HOW TO COMPLETE THIS TASK> Look for "from" in every line of the listing. Copy the lines that have it.

RECORDS FOR PROCESSING>

※ ※ ※

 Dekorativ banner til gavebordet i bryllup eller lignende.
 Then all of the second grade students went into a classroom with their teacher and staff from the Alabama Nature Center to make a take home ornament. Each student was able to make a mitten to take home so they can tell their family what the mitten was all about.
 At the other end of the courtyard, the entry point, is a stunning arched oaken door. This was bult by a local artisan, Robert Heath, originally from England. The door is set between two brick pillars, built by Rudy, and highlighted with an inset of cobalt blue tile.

※ ※ ※

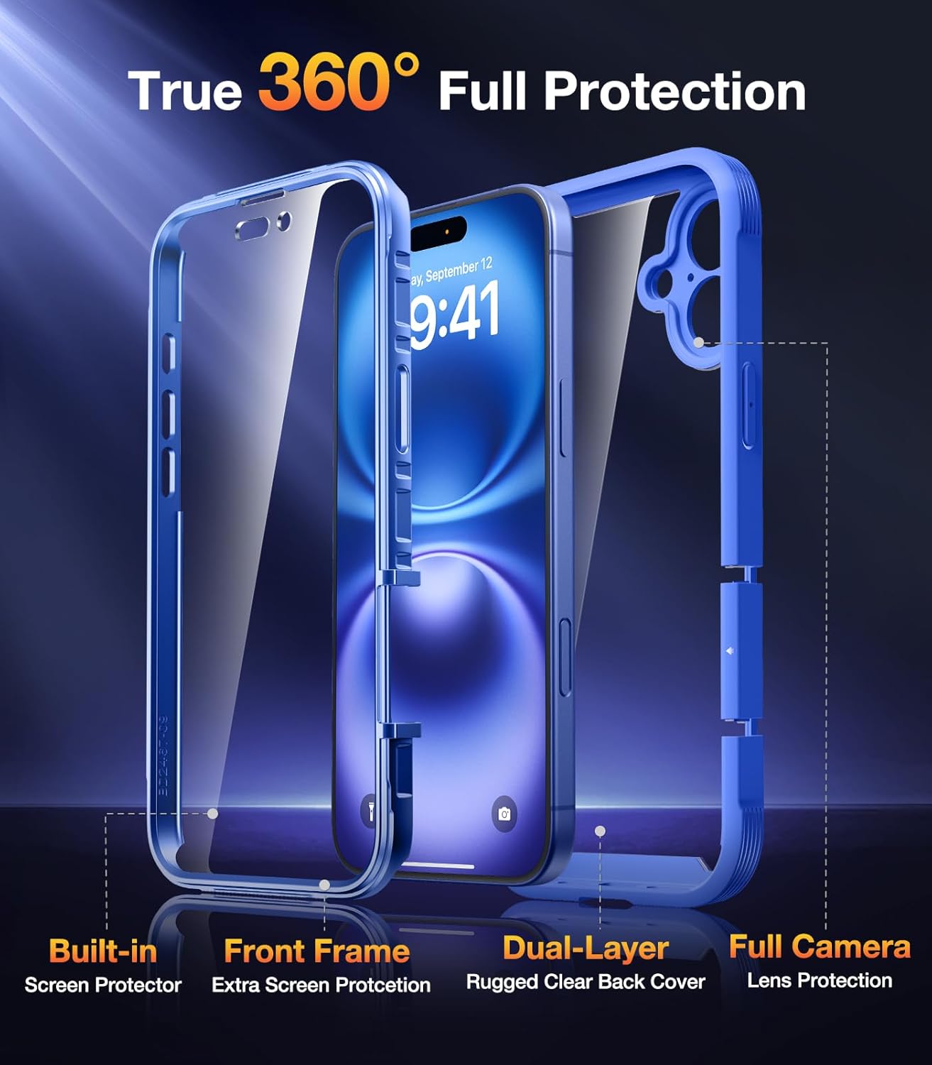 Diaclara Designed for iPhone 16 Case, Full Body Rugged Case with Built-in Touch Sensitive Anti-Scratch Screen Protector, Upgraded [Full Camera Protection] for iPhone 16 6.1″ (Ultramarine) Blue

※ ※ ※

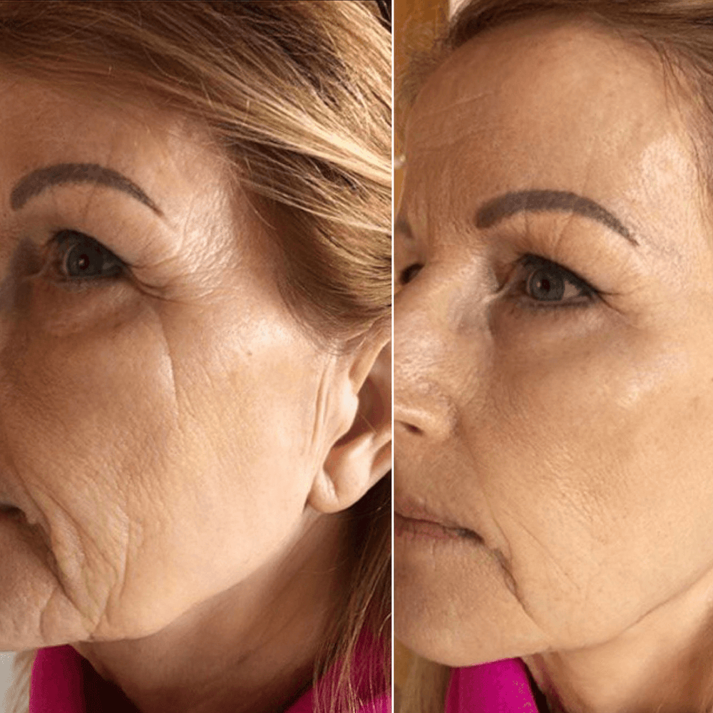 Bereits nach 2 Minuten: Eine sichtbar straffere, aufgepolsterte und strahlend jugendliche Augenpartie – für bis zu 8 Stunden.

※ ※ ※

SOLUTION TO THIS PROBLEM>
 Then all of the second grade students went into a classroom with their teacher and staff from the Alabama Nature Center to make a take home ornament. Each student was able to make a mitten to take home so they can tell their family what the mitten was all about.
 At the other end of the courtyard, the entry point, is a stunning arched oaken door. This was bult by a local artisan, Robert Heath, originally from England. The door is set between two brick pillars, built by Rudy, and highlighted with an inset of cobalt blue tile.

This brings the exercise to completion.